Not knowing if La Moyne will be able to type much after she has a cortisone injection in her shoulder tomorrow a.m. we're posting this a day early. We would appreciate your prayers as we hope/pray that this will alleviate the pain in that shoulder she injured when she fell last August.
As we approach Easter, we're drawing on some previous thoughts about 'The Cross'.
Paul wrote this while in prison:
"God forbid that I should glory, save in the Cross of our Lord Jesus Christ,
by whom the world is crucified unto me and I unto the world." (Galatians 6:14)
It was that verse that inspired Isaac Watts to write this hymn in 1707.
'WHEN I SURVEY THE WONDROUS CROSS':
"When I survey the wondrous cross on which the Prince of Glory died,
My richest gain, I count but loss and pour contempt on all my pride.
Forbid it Lord, that I should boast, save in the death of Christ my God.
All the vain things that charm me most, I sacrifice them to His blood.
See, from His head, His hands, His feet, sorrow and love flow mingled down.
Did ere' such love and sorrow meet, or thorns compose so rich a crown.
Were the whole realm of nature mine, that were a present far too small:
Love so amazing, so divine, demands my soul, my life, my all."
William J. Reynolds wrote this about Watts and that beautiful song:
"The word 'survey' in the opening line implies more than mere looking.
Watts suggests contemplation and awareness of the REAL significance of The Cross. Rather than using an expected adjective such as cruel, tragic...or rugged, Watts describes The Cross as wondrous. Such graphic language reminds us that an instrument of cruel torture and death, became God's wondrous instrument for our salvation."
Later while pastoring in London, Watts wrote the hymns:
'Alas and Did My Savior Bleed' and 'Come We That Love The Lord'.
Like Watts, we must never lose sight of how terrible Christ's death was, but above all...
to remember how WONDROUS the results of that death was (and is) for us!
I'm afraid that we do not think of The Cross as often as we should.
The 'Passion' movie helped some to re-focus on The Cross...
but it takes daily commitment, Scripture and Prayer to STAY focused.
We are to die daily to self....in order to live fully for Christ.
Don't be guilty of wanting to be Christ's disciple....
yet wanting HIM to do all of the dying!
Luke 23 is my favorite Scripture about The Cross, as it teaches:
~How far a person can go in sin
~How far God went to redeem us
~How far we are to go for Christ...and others
During the ceremony at Ridgecrest, North Carolina when we were appointed as missionaries to Korea, Dr. Baker James Cauthen used this Scripture:
'I will most gladly spend and be spent for you, though the more abundantly I love you, the less I be loved.' (II Cor. 12:15)

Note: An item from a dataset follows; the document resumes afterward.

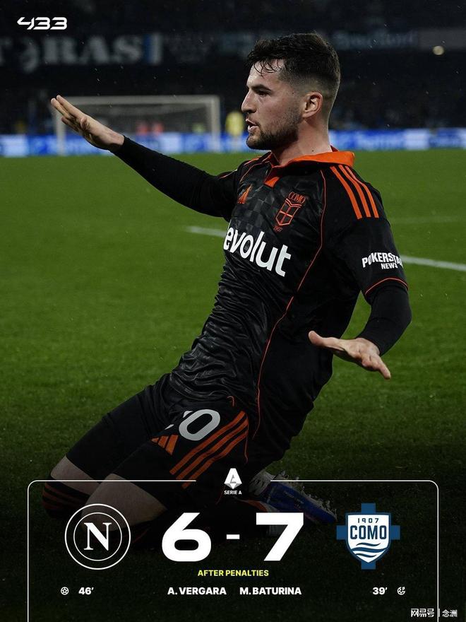 意杯1/4決賽,那不勒斯點球7-8科莫,無緣四強。奧利維拉送點,巴圖里納主罰命中,霍伊倫助攻維爾加拉破門扳平比分。雙方進入點球大戰(zhàn),那不勒斯的盧卡庫、洛博特卡點球不進,科莫佩羅內(nèi)點球被撲。

Then he said to us (and 19 others being appointed to various countries)
"Your ministry is in terms of an Old Rugged Cross and do not ever lose sight of that!"
Dietrich Bonhoeffer (martyred by the Nazis for his faith) said,
"When Jesus calls his disciples, he bids them 'Come and die'."
Let's see if we can identify with any of the people in Luke 23:
~PILATE (vs. 3-7)
He was interested...but was still lost.
This is bad, but God also hates to see the saved person not interested.
Also, Pilate needed to see Christ as more than a righteous man.
Jesus died because 'our righteousness is as filthy rags.' (Isaiah 64:6)
Pilate did not follow his convictions, which can happen in our lives.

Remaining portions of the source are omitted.